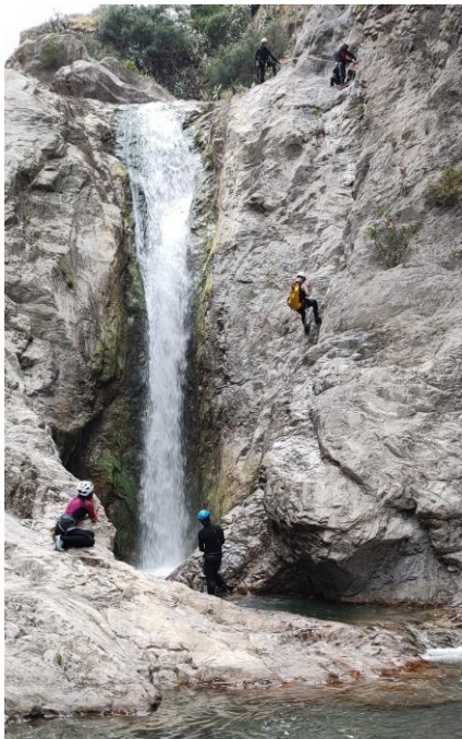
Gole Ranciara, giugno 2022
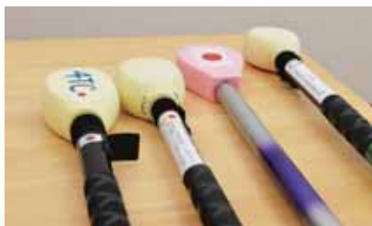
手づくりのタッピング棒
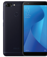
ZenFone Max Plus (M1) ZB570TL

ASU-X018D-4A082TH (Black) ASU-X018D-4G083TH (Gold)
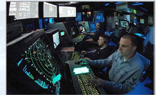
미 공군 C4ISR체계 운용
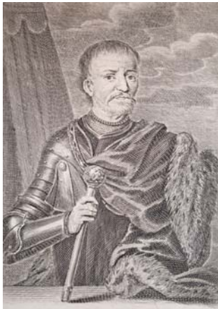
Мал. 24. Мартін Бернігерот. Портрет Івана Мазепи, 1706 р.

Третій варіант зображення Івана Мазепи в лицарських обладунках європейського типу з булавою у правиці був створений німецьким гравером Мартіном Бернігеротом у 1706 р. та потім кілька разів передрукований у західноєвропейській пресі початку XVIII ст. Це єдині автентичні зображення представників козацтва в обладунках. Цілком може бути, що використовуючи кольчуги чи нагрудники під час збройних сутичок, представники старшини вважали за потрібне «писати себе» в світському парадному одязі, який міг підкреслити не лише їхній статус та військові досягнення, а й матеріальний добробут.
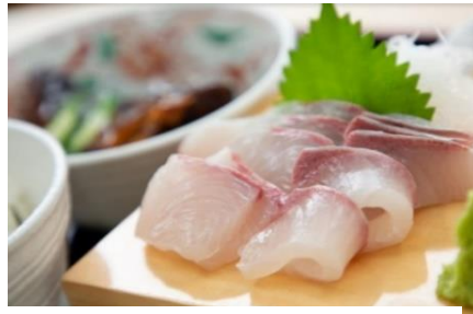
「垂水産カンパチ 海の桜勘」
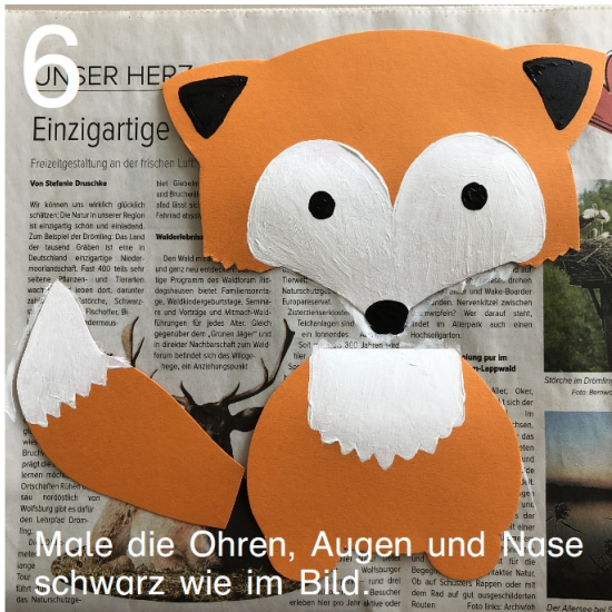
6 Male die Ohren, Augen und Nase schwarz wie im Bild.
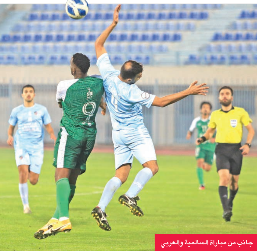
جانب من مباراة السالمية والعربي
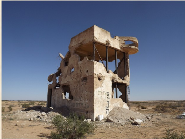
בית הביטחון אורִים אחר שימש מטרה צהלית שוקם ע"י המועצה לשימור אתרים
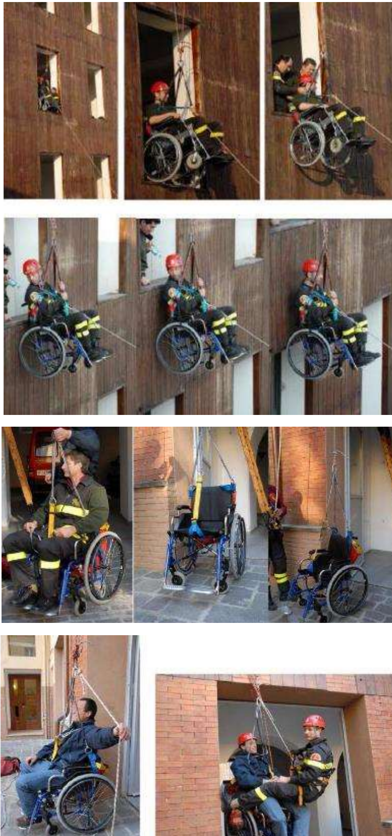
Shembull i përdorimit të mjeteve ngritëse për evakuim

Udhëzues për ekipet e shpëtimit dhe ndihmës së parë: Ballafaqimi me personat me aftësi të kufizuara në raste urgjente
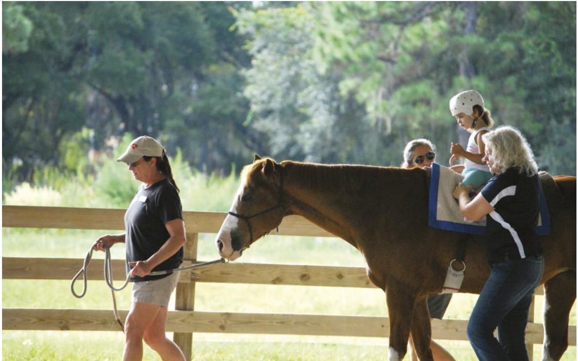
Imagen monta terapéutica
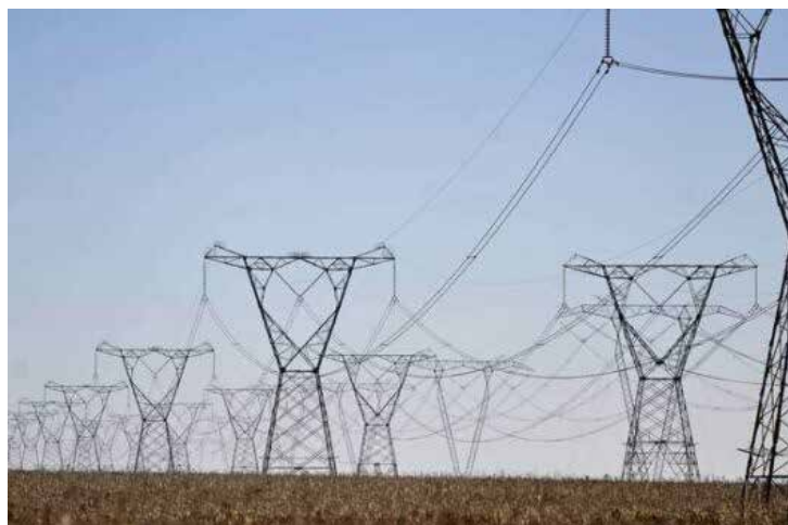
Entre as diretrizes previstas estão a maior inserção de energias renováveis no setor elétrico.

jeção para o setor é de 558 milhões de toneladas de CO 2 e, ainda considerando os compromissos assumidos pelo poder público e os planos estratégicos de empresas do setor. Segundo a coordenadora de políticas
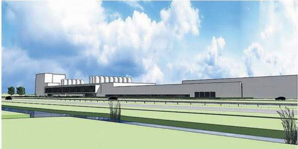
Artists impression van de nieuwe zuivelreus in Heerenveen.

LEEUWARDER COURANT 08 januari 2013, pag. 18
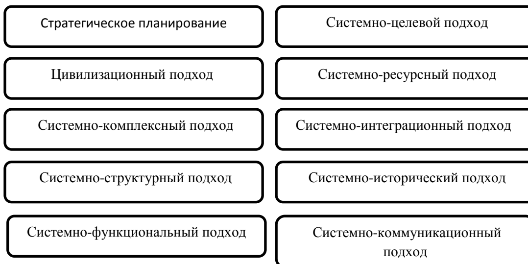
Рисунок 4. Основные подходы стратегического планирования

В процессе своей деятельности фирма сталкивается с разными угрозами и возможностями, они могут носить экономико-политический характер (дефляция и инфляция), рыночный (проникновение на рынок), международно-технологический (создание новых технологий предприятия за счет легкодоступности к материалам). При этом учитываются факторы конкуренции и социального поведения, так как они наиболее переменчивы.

....

● **The problem**
Exact copy, no pictures. Write out the lines in the entries above, starting with the line with "جانب من مباراة السالمية والعربي" and going on through the line with "Entre as diretrizes", keeping both.

● **Response**
جانب من مباراة السالمية والعربي
בית הביטחון אורִים אחר שימש מטרה צהלית שוקם ע"י המועצה לשימור אתרים
Shembull i përdorimit të mjeteve ngritëse për evakuim

Udhëzues për ekipet e shpëtimit dhe ndihmës së parë: Ballafaqimi me personat me aftësi të kufizuara në raste urgjente
Imagen monta terapéutica
Entre as diretrizes previstas estão a maior inserção de energias renováveis no setor elétrico.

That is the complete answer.